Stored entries

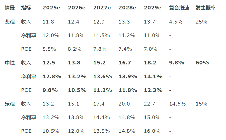 乐观情景:成功并购新品牌(如设计师童装),成人装爆发增长(占比35%+),供应链改革显效(存货周转降至200天)。收入增速跃升至14.6%,规模效应推高利润率。
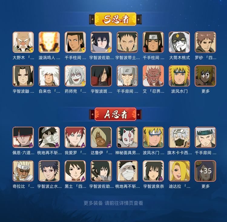 装备描述:22S 45A 209忍者 宇智波止水「新春限定」/桃地再不斩「漂泊武士」/佩恩·六道 「漂泊浪客」/波风水门「新春限定」/神秘面具男 「红夜之刃」/宇智波斑 「秽土转生·解」/波风水门「秽土转生」/千手柱间 「木叶创立」/漩涡鸣人 「九喇嘛连结」/宇智波带土「忍界大战」/宇智波佐助 「永恒万花筒」/大筒木桃式
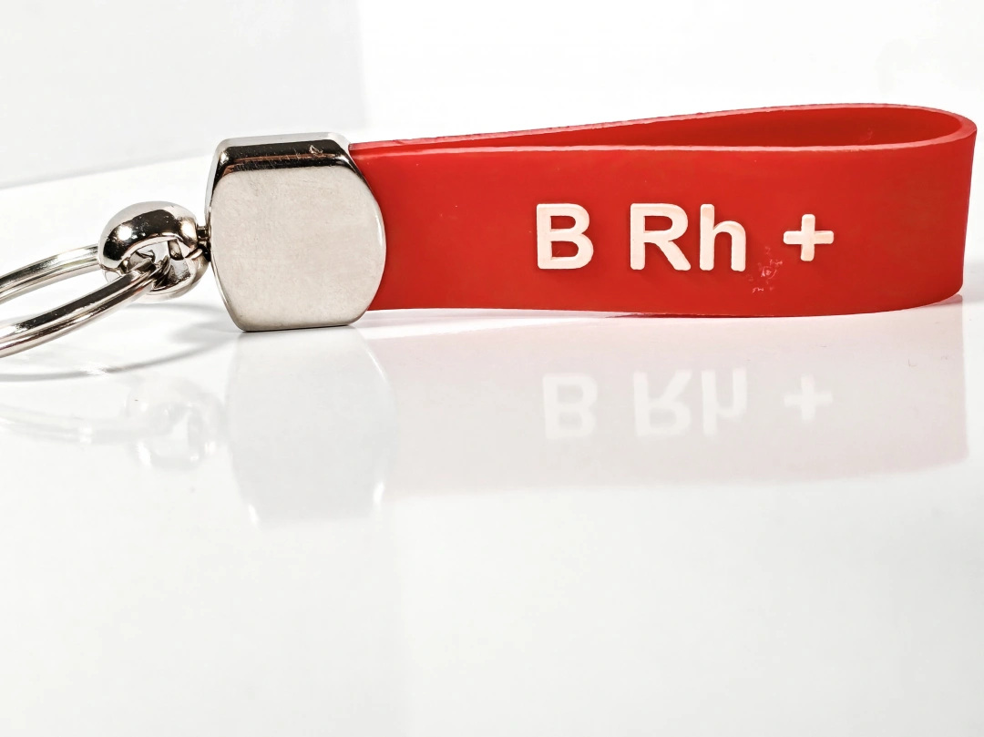 B Rh(+) Kan Grubu Silikon Anahtarlık – Acil Durumlar İçin Hayati Bilgi, Günlük Kullanımda Pratik Çözüm
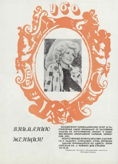«Вниманию женщин!» — весенние преображения от УБО, оно же управление бытового обслуживания, на март 1978 года. «Искусственные волосы красиво смотрятся и надолго сохраняют стиль причёски» *** #Домбыт
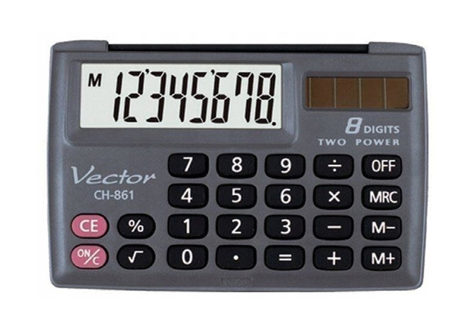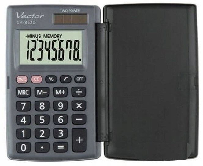 Vector Kalkulator kieszonkowy z klapką KAV CH-862D, szary
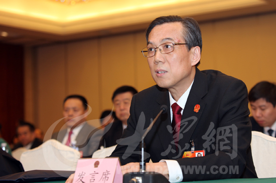 全國人大代表、山東省高級人民法院院長白泉民在會上發(fā)言。(特派記者 盛堃 攝)

What you are asked to do: Each entry above should be printed exactly, and any picture in it left out.

Solution:
 乐观情景:成功并购新品牌(如设计师童装),成人装爆发增长(占比35%+),供应链改革显效(存货周转降至200天)。收入增速跃升至14.6%,规模效应推高利润率。
 装备描述:22S 45A 209忍者 宇智波止水「新春限定」/桃地再不斩「漂泊武士」/佩恩·六道 「漂泊浪客」/波风水门「新春限定」/神秘面具男 「红夜之刃」/宇智波斑 「秽土转生·解」/波风水门「秽土转生」/千手柱间 「木叶创立」/漩涡鸣人 「九喇嘛连结」/宇智波带土「忍界大战」/宇智波佐助 「永恒万花筒」/大筒木桃式
 B Rh(+) Kan Grubu Silikon Anahtarlık – Acil Durumlar İçin Hayati Bilgi, Günlük Kullanımda Pratik Çözüm
«Вниманию женщин!» — весенние преображения от УБО, оно же управление бытового обслуживания, на март 1978 года. «Искусственные волосы красиво смотрятся и надолго сохраняют стиль причёски» *** #Домбыт
 Vector Kalkulator kieszonkowy z klapką KAV CH-862D, szary
 全國人大代表、山東省高級人民法院院長白泉民在會上發(fā)言。(特派記者 盛堃 攝)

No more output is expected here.